Task material
——

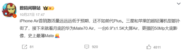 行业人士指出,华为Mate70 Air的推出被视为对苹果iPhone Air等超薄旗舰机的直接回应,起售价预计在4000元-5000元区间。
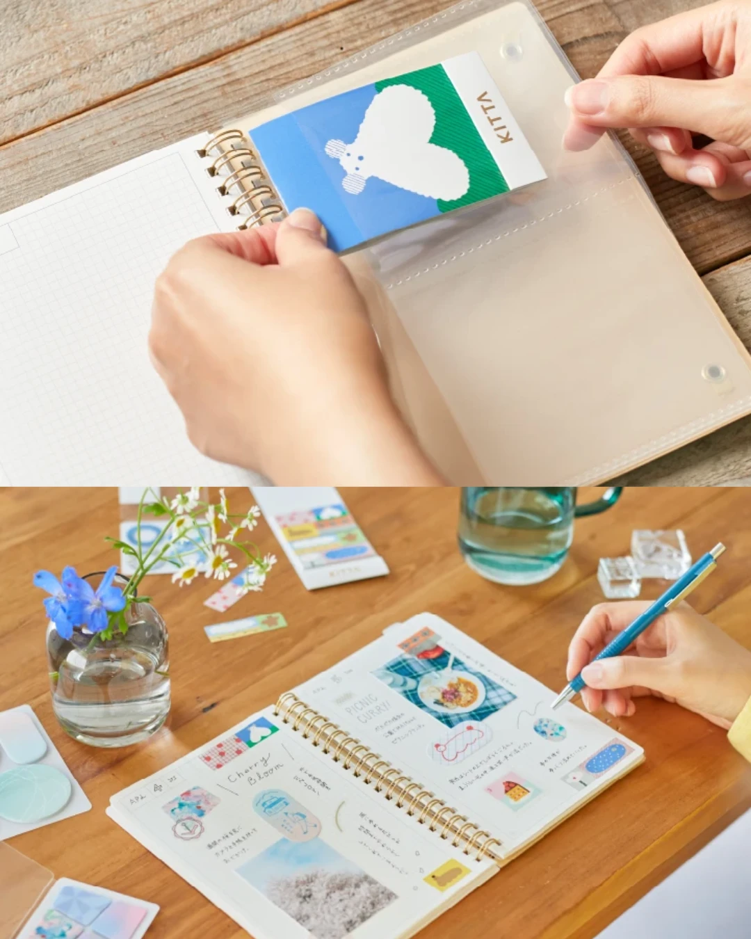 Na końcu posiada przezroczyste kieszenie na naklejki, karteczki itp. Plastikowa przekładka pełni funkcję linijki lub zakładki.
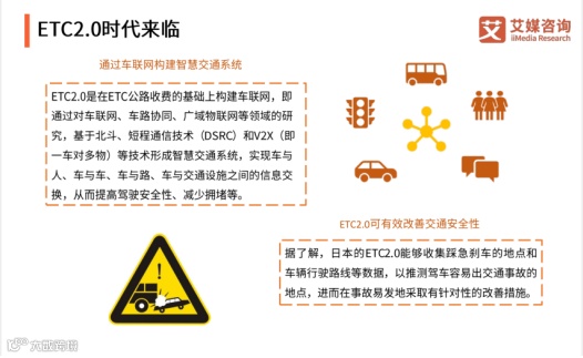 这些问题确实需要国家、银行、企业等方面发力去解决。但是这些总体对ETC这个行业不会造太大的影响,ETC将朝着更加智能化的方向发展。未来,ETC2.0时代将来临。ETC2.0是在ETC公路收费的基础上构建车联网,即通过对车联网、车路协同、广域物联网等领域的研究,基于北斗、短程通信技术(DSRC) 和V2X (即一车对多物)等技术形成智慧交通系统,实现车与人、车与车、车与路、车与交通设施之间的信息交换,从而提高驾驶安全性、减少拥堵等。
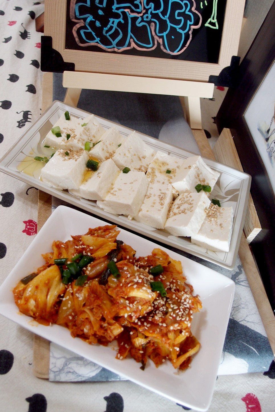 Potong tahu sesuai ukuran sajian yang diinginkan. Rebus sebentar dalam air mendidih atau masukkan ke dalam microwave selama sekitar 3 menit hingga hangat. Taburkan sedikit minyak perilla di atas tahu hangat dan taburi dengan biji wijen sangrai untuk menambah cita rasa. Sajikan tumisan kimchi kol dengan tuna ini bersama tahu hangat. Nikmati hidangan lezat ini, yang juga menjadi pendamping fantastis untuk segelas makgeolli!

——

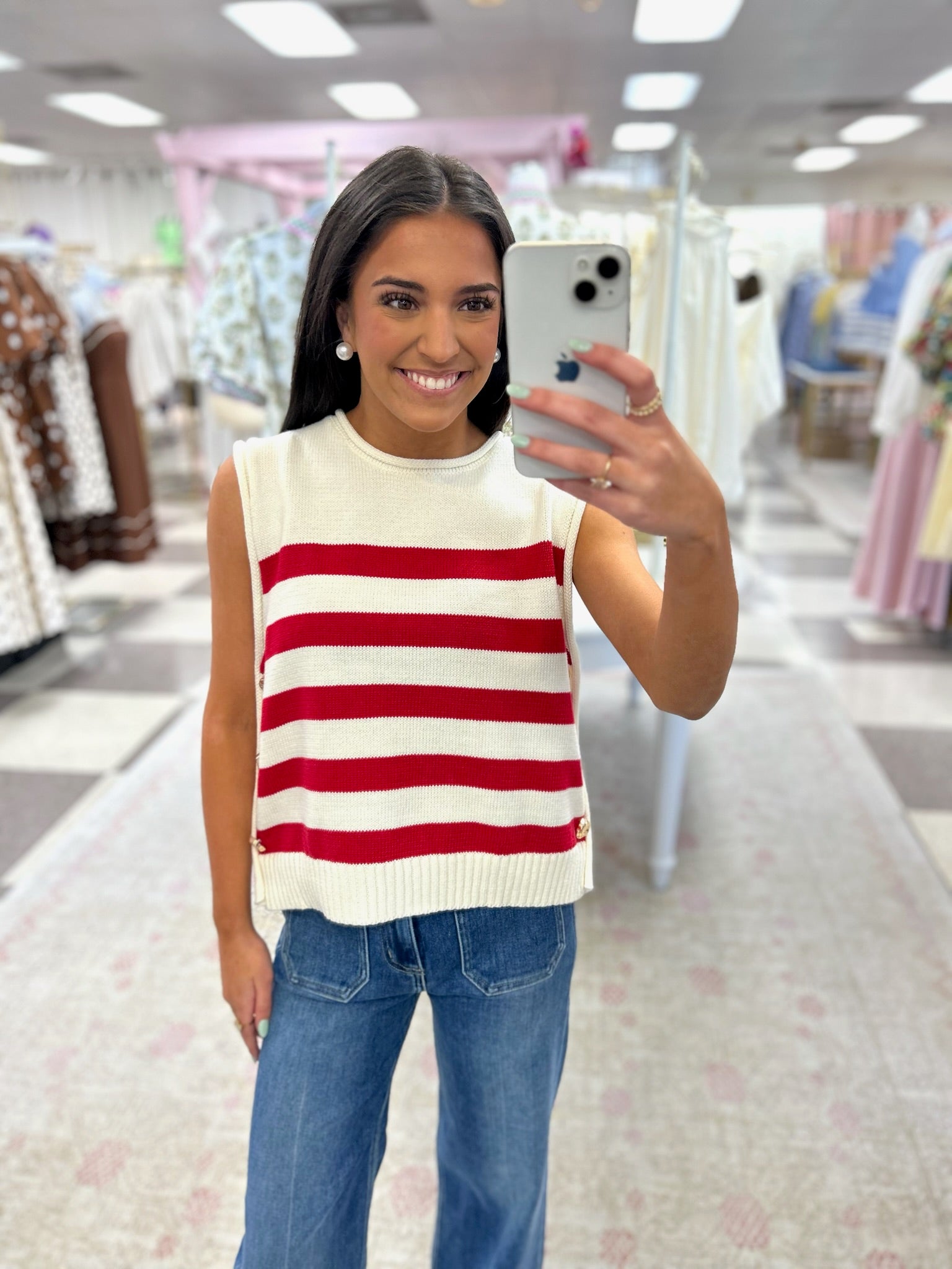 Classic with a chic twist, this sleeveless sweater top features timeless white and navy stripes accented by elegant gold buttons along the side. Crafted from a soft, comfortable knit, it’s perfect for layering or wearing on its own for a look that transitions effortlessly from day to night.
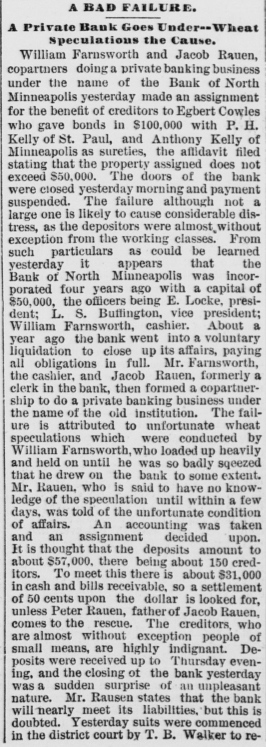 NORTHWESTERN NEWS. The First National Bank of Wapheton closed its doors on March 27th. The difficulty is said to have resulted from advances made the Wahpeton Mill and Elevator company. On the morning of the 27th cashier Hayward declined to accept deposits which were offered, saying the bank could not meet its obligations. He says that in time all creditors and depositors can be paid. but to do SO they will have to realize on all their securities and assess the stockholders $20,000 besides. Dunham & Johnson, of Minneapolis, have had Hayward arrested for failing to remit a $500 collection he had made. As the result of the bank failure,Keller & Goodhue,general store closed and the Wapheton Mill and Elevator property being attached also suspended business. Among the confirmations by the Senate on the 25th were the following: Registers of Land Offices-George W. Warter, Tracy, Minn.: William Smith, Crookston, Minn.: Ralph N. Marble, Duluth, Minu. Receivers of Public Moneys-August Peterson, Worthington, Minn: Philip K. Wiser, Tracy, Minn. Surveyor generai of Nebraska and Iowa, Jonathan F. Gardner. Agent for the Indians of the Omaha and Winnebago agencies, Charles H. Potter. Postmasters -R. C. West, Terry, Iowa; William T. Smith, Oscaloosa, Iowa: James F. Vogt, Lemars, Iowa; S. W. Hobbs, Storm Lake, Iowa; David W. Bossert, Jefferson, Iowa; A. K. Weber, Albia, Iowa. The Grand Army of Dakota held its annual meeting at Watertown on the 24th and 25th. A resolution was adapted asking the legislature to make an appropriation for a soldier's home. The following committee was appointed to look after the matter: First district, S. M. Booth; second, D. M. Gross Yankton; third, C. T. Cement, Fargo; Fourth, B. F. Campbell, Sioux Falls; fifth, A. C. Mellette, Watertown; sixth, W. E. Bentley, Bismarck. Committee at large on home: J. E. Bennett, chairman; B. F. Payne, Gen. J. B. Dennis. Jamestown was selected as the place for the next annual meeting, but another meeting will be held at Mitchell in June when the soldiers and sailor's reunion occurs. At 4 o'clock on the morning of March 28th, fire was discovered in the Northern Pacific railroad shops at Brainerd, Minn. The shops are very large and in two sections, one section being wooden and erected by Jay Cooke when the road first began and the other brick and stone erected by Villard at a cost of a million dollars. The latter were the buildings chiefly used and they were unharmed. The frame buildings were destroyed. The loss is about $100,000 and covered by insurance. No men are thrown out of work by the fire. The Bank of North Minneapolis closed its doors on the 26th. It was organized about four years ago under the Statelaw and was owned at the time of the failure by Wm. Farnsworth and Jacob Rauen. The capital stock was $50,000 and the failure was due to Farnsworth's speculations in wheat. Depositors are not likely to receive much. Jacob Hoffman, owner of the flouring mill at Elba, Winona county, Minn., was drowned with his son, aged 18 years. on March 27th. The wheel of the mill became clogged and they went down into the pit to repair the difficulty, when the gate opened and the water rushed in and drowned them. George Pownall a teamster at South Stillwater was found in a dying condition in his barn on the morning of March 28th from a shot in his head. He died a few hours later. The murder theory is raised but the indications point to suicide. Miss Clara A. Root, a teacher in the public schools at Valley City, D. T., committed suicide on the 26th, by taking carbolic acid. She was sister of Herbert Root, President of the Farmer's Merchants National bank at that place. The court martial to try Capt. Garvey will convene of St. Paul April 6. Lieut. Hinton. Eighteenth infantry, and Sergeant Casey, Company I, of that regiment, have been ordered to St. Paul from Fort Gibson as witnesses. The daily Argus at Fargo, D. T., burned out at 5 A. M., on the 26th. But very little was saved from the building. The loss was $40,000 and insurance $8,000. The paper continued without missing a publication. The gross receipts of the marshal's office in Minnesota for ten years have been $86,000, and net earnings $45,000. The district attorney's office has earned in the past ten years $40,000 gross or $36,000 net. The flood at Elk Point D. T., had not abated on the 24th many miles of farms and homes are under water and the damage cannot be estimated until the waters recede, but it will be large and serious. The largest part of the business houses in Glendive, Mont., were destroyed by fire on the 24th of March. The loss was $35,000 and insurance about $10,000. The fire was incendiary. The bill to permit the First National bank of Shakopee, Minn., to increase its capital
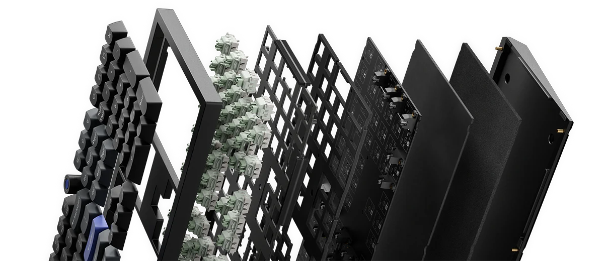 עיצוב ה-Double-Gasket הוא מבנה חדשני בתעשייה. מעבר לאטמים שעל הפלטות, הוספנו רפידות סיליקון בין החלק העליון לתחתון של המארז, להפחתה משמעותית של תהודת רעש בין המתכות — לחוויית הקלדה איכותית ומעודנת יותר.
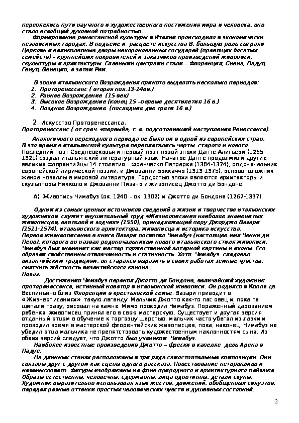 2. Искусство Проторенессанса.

——

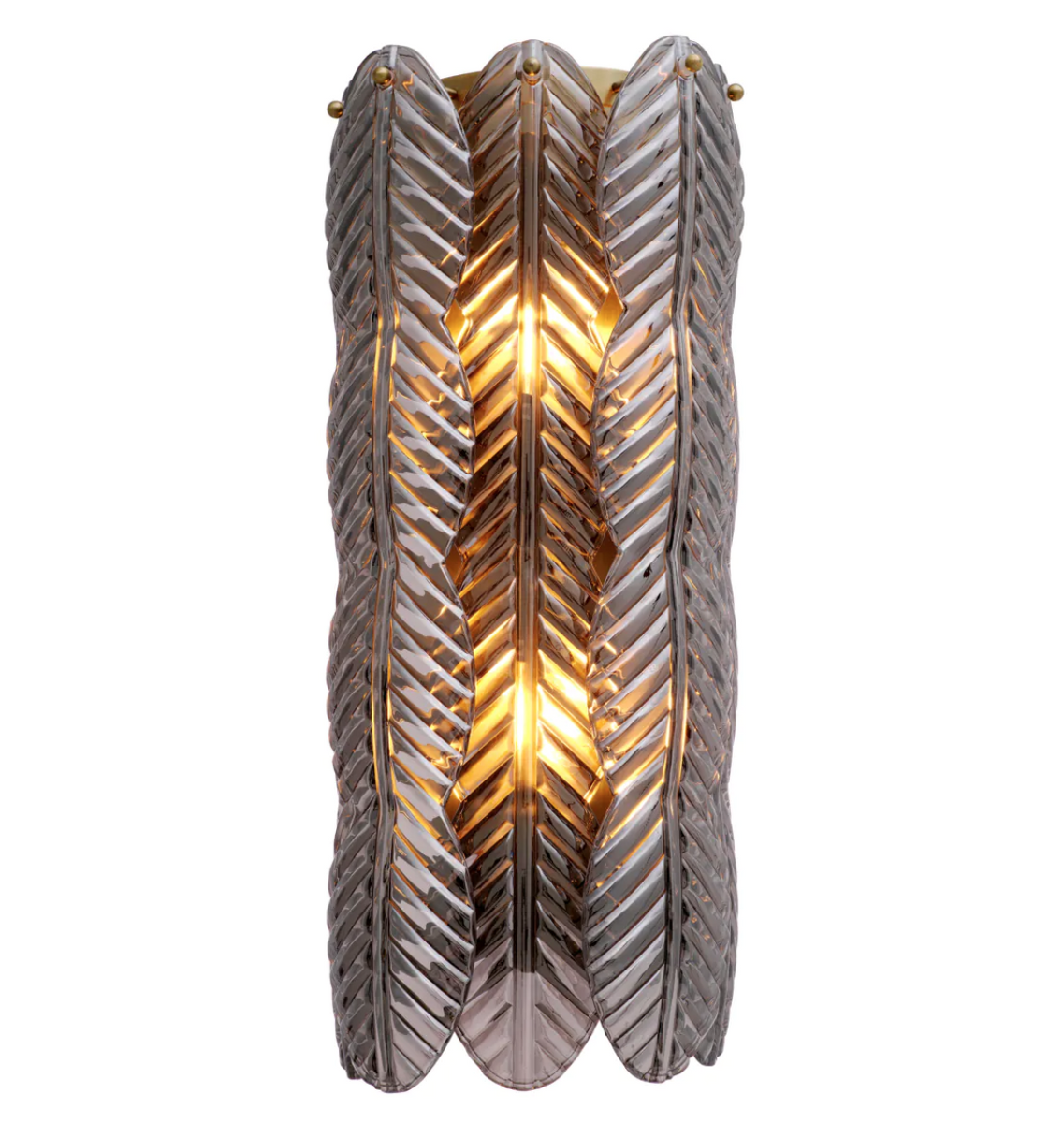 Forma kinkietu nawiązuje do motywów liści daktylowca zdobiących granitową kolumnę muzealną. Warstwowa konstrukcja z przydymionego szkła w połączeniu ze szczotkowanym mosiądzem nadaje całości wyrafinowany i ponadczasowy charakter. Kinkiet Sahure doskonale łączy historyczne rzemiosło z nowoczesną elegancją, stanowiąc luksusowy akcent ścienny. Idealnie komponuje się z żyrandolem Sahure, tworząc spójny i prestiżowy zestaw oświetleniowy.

——

Work item
Take only the lines above from the one that has "עיצוב ה-Double-Gasket הוא" through the one that has "2. Искусство Проторенессанса." and reproduce them exactly, omitting any pictures.

Response
 עיצוב ה-Double-Gasket הוא מבנה חדשני בתעשייה. מעבר לאטמים שעל הפלטות, הוספנו רפידות סיליקון בין החלק העליון לתחתון של המארז, להפחתה משמעותית של תהודת רעש בין המתכות — לחוויית הקלדה איכותית ומעודנת יותר.
 2. Искусство Проторенессанса.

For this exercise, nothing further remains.